WORK REQUIRED: Please, from the entries below, transcribe exactly the lines that begin at the line with "Außerdem wachsen die" and end at the line with "The Executable Items", without the pictures.

INPUT:
:::

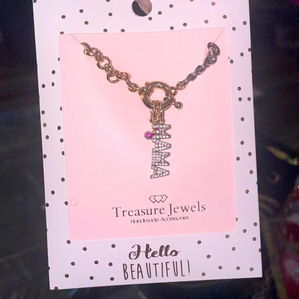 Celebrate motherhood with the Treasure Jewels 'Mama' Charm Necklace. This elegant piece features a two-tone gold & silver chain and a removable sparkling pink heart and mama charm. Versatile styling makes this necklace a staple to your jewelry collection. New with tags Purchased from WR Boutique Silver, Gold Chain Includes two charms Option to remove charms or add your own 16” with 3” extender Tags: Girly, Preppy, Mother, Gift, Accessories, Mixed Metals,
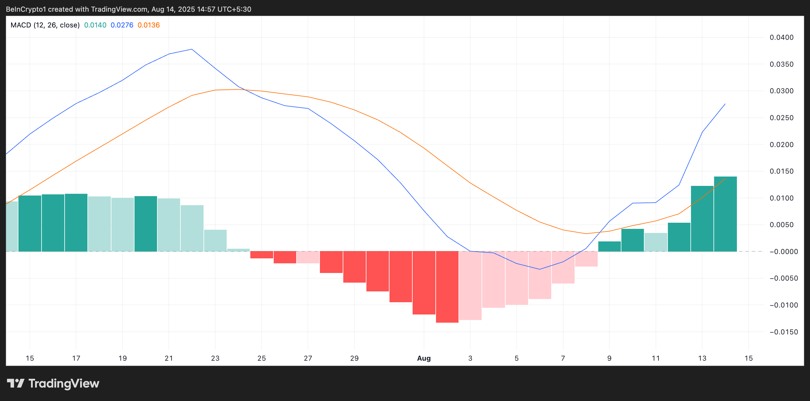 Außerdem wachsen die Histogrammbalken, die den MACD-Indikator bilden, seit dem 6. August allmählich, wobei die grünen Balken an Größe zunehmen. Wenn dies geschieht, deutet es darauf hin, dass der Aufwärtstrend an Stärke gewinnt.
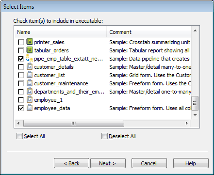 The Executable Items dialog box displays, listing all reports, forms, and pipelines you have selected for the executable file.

:::

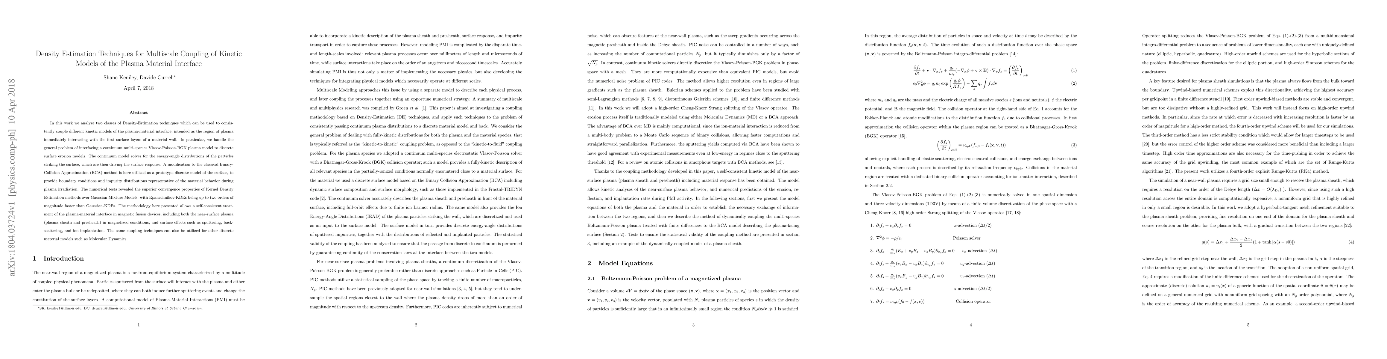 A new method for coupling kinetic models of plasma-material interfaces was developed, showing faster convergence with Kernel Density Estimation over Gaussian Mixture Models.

:::

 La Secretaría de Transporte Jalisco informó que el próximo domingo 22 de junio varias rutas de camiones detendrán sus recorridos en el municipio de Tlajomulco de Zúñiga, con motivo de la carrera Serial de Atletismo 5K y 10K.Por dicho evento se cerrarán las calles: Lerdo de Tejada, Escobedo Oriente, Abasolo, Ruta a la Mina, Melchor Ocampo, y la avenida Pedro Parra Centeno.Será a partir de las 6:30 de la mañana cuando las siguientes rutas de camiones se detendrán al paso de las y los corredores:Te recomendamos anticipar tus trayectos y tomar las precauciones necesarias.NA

:::

RESULT:
 Außerdem wachsen die Histogrammbalken, die den MACD-Indikator bilden, seit dem 6. August allmählich, wobei die grünen Balken an Größe zunehmen. Wenn dies geschieht, deutet es darauf hin, dass der Aufwärtstrend an Stärke gewinnt.
 The Executable Items dialog box displays, listing all reports, forms, and pipelines you have selected for the executable file.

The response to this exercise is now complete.